This is the 1997 movie, adapting the Virginia Woolf novel, which I watched with The Wife on Wednesday night; it took me this long to get to it for the simple reason that I had no idea it existed before The Wife found it and put it on the top of her Netflix queue.
Mrs. Dalloway was one of the novels I'd connected with best in college; I usually had one or two books per class each semester that I really loved, which made up for the others, which I often loathed. (I am a man of strong opinions, as you might have noticed.) Mrs. Dalloway was right up there with The Warden and As I Lay Dying and McTeague among the novels that hit me like two-by-fours and reaffirmed my conviction that the English-major thing was exactly what I wanted to do.
So my feelings were a bit mixed about this movie: I wanted it to be really good, to live up to the novel, but I suspected it wasn't, since if it had been that good, I probably would have heard of it. I was more-or-less right: Mrs. Dalloway doesn't start quite right, and it wobbles a bit as it goes along, but it ends very well, so I forgave it its flaws along the way.
Vanessa Redgrave plays the "present-day" (1923) Clarissa Dalloway, with Natascha McElhone handling the young Clarissa in the flash-back sequences. Redgrave also narrates a lot of the movie, in an attempt to get the book's stream-of-consciousness feeling. This mostly works, but Redgrave has a very languid tone, especially early on, and her often repeated "flowers for my party" hovers very close to self-parody. (I expect that viewers who are not already familiar with the novel, or sympathetic to Clarissa, will lose interest entirely.) As in the book, the movie is the story of one day in Clarissa's life, as she prepares for and then gives a party in her home. Interwoven with that are her memories of an earlier time in her life (I'd estimate about forty years before, when she was in her late teens), at a country house -- from internal evidence, probably a visit of about a week or two.

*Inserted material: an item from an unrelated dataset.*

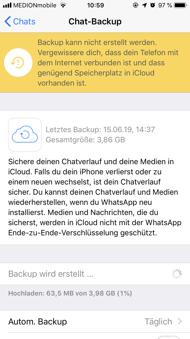 Trotz ausreichend Speicher, WhatsApp-Backup funktioniert nicht

Clarissa's story intersects that of Septimus Warren-Smith, a young man who served with distinction in the war but who has had a very debilitating case of shell-shock come over him in the past few months. Septimus and Clarissa never actually meet, but their stories intertwine around each other -- the movie shows this well, and is good at switching from one story to the other. (The only place where this doesn't work, I thought, was in the choice of starting the movie with a short scene of Septimus in the trenches -- this is Mrs. Dalloway, not Sgt. Warren-Smith.)
As I said, the ending is particularly fine (reminiscent of John Huston's magnificent The Dead, I thought), though the movie feels longer than its ninety-seven minutes, so some viewers might not have the patience to make it that far. It's probably mostly a movie for fans of the novel -- or of slow-paced movies about emotional states and personal interactions in general -- but it's quite good of its kind. I'm now seriously thinking of re-reading the novel, which is some kind of recommendation for the movie.
1 comment:
I had forgotten all about this one and had no plans to see it . now I'll have to check it out on DVD!